Going as it were over the heads of the Romanians themselves this campaign has exerted a tremendous pressure on the Romanian government. And it seems that through the person of the environmental minister they have at the eleventh hour struck a blow against the wishes and interests consistently expressed by Romanians.
The environmentalist outlook demonstrated here is that “the planet comes before the people” an ultra-conservative “you mustn’t mess with nature” point of view. For those of us not wedded to the idea of hating humanity it is clear that the democratic wishes so far expressed by the Romanians sensibly acknowledge both the goldmine project’s plans to clean up the heavily polluted local environment and the potential to bring much needed development to a very poor area.
What is so destructive about this delaying tactic is that it undermines the mining company financially (shares dropped over 40% on the news) putting the entire project at risk and it lets the local area go to rot, over the next year Rosia Montana will continue to depopulate losing people with mining experience and generally undermining the community.

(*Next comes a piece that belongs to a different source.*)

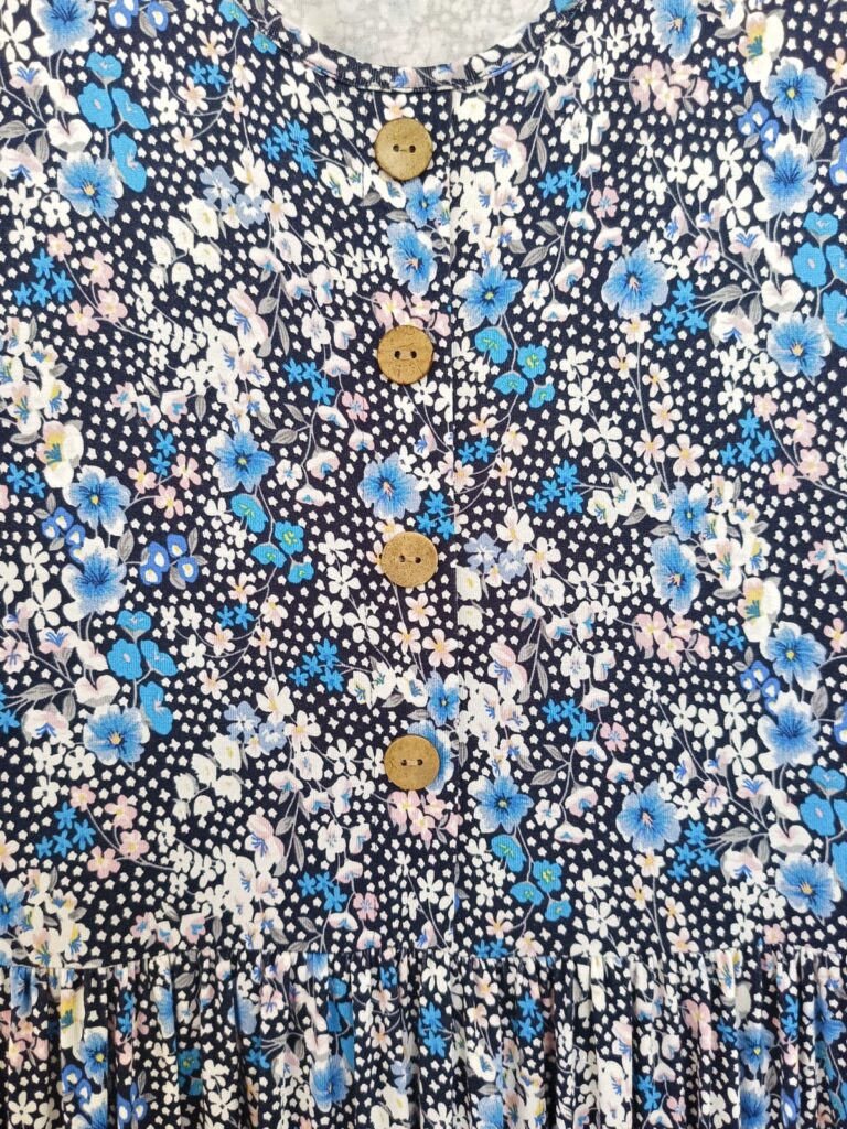 Kolorystycznie bardzo ciekawa – wielokolorowa łączka – sukienka w niebieskie kwiatki.*

Maybe you’ve waited for an hour for a bus – bad enough. Imagine thousands waiting to go to work for an entire year, ostensibly because of some paper work.
And of course if such tactics work once who is to say that they might be deployed again with further costly and morale sapping effects on those people who want to give the future a go.
This delay cannot be brooked – those of us that have any respect for democracy and any belief in people’s transformative ability have to oppose the machinations of these environmentalist cliques.